Molecular dynamics procedures have been used to investigate the conformation and mobility of n-alkyl ligands immobilized onto an amorphous silica surface, analogous to those utilized with silica-based RP-HPLC sorbents. Molecular models were constructed for n-octyl and n-octadecyl bonded phases with ligand densities of 1.64, 2.67, and 3.69 μmol/m 2 for each ligand length. The hydrocarbon layer thickness, gauche-trans statistics, end-to-end distance distribution of the n-alkyl chains, and diffusion coefficients of individual atoms in the n-alkyl ligands were determined for each system. The results have been compared with data previously obtained with an n-butyl bonded phase. The conformation of the chains, their positions with respect to the surface, and the chain mobilities were characterized as a function of ligand length and surface density. The results demonstrated that the most ordered part of the chain is always the segment that is anchored closest to the silica surface. With decreasing density, the ligands become more bent, with more gauche defects occurring in the middle and at the free end of the chains. This behavior leads to a dramatic decrease in the thickness of the hydrocarbon layer at minimum surface loading. Potentially, this behavior could result in stronger surface interactions with a prospective solute.
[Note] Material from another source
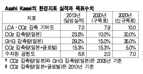 Asahi Kasei Chemical은 2020년 환경목표를 재수립하고 CO2 배출량 감축에 기여하는 정도를 나타낸 LCA․CO2 감축 기여도를 자사 배출량의 7.9배에 달하는 7.9에서 10.0으로 확대했다.
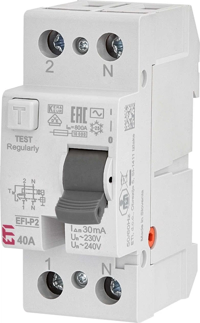 Двополюсна модель призначена для однофазних установок 240 В. Пристрій швидко відключає живлення у разі виявлення несправності, захищаючи електрообладнання та мінімізуючи ризик пожежі. Його міцна конструкція та відповідність стандартам якості ETI гарантують довготривалу та стабільну роботу.

These simulation studies also indicate that both short and long n-alkyl ligands can layer over the surface at lower ligand density, thus creating additional protection of unreacted surface silanols, with this effect being more pronounced for the longern-alkyl chains. In terms of ligand dynamics, the simulated structures indicated that the n-octyl chain exhibits the highest overall mobility at all studied densities, while the n-octadecyl ligands possess the lowest motional freedom. The degree of mobility for any length ligand decreased with increasing surface density. The mobility of individual carbon atoms within the chains also increased with distance from the silica surface for all ligand lengths and densities. These simulated properties of n-alkyl ligands immobilized onto a silica surface correlated well with other results obtained by FTIR or 13 C-cross polarization magic angle spinning NMR experimental methods and statistical predictions of the behavior of immobilized chains.